There are now at least nine major projects being planned or developed in wind-rich offshore areas in central and northern Japan, and the government hopes to see 10GW under construction between now and 2030, and 30–45GW by 2040, a figure that would give the country the world’s third-largest offshore wind power fleet.

“Japan is a very attractive market for offshore wind investment, but in order to unlock that investment, it's crucial to have a road map which sketches out that volume in terms of how you will deploy and implement your target,” said Rebecca Williams, global head for offshore wind at the non-profit Global Wind Energy Council, at a March 2023 energy conference in Tokyo.

Williams and other energy analysts believe that offshore wind could play a key role in helping Japan, the world’s fifth-largest greenhouse gas emitter (sixth if you count the EU as a single entity), meet its 2050 carbon neutrality goals. However, in order to quickly ramp up and deploy offshore wind, they argue that the country needs to continue to set clear policies that incentivise foreign investment and collaboration. European companies could play a key role, with several, including the Danish company Ørsted and Norway’s Equinor, already setting up Japanese offices or doing joint ventures with Japanese companies.

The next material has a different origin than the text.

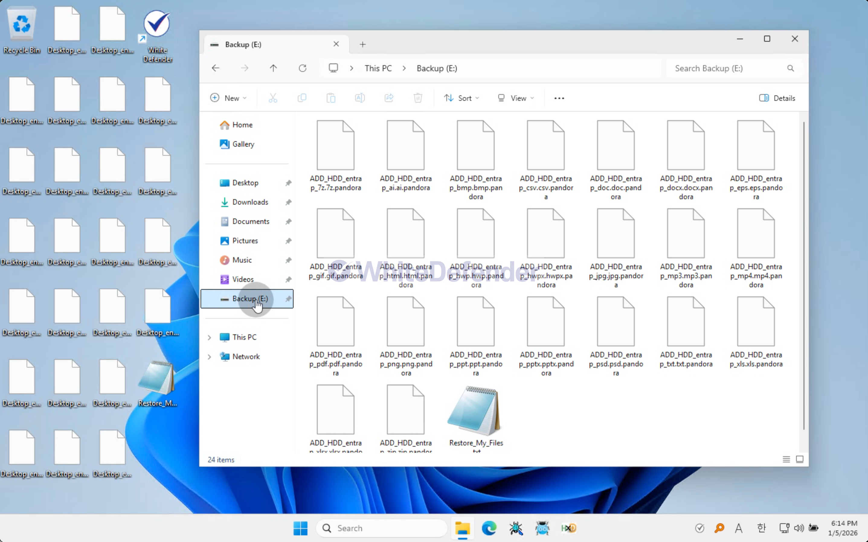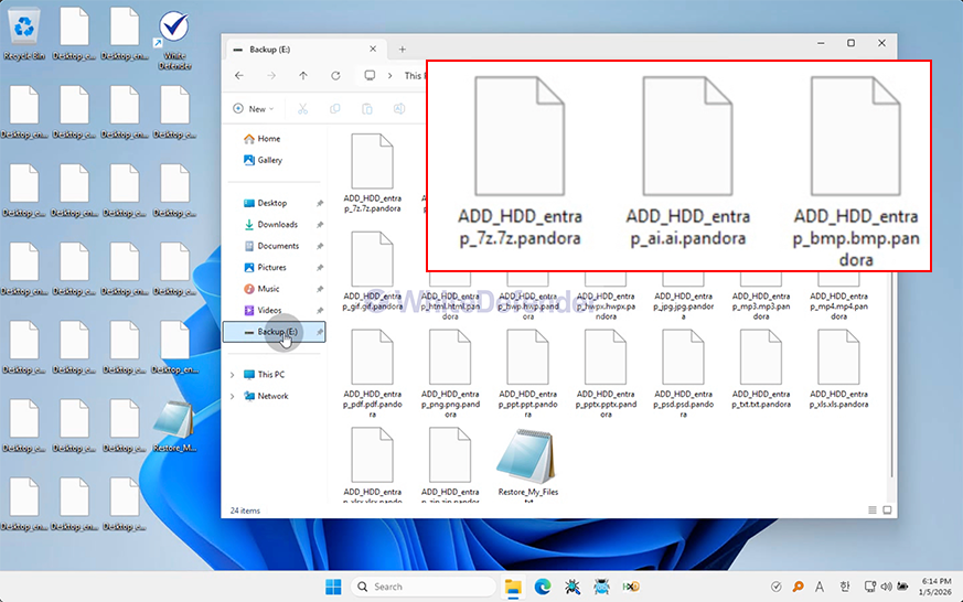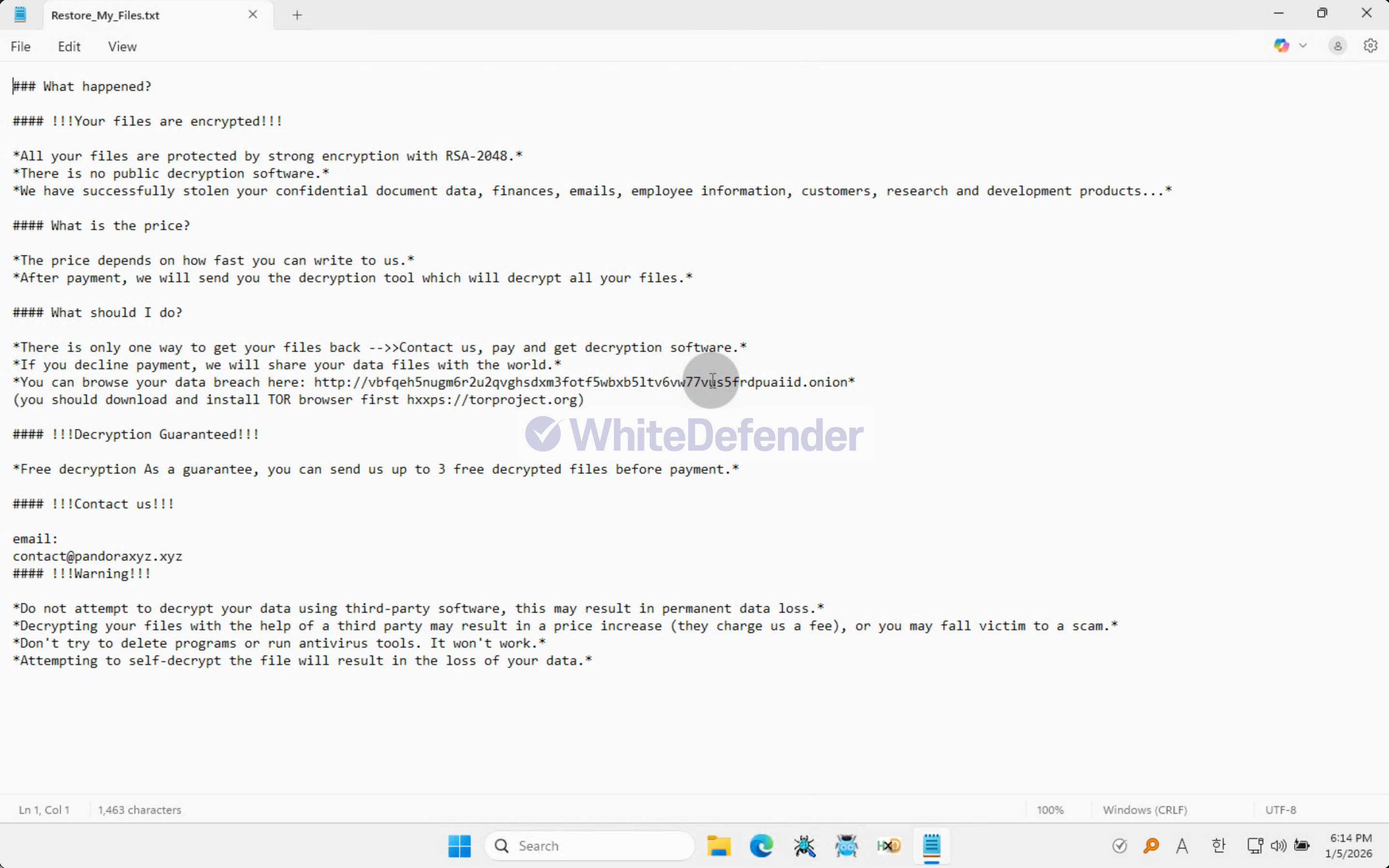 Pandora 랜섬웨어는 Windows 시스템에서 실행되며, 로컬 파일을 암호화한 뒤 .pandora 확장자를 추가합니다. 감염이 진행되면 사용자의 모든 파일 데이터 영역에 Restore_My_Files.txt 랜섬노트를 생성하고, 확장자가 모두 암호화되어 사용자가 감염 사실을 즉시 인지하도록 유도합니다.

“We are hopeful and positive that offshore wind will be a driver for decarbonising Japan, as well as enabling more [inbound] investment, [local] supply chain growth, and being a contributor to energy security,” says Henriette Holm, the country manager for Ørsted Japan.

A burgeoning industry

As an archipelago, Japan has the world’s seventh-largest coastline and sixth-largest Exclusive Economic Zone, making offshore wind an attractive choice. Moreover, wind can fill a big gap, says Yoshinori Ueda, general manager for international affairs and communication at the Japan Wind Power Association, an industry group.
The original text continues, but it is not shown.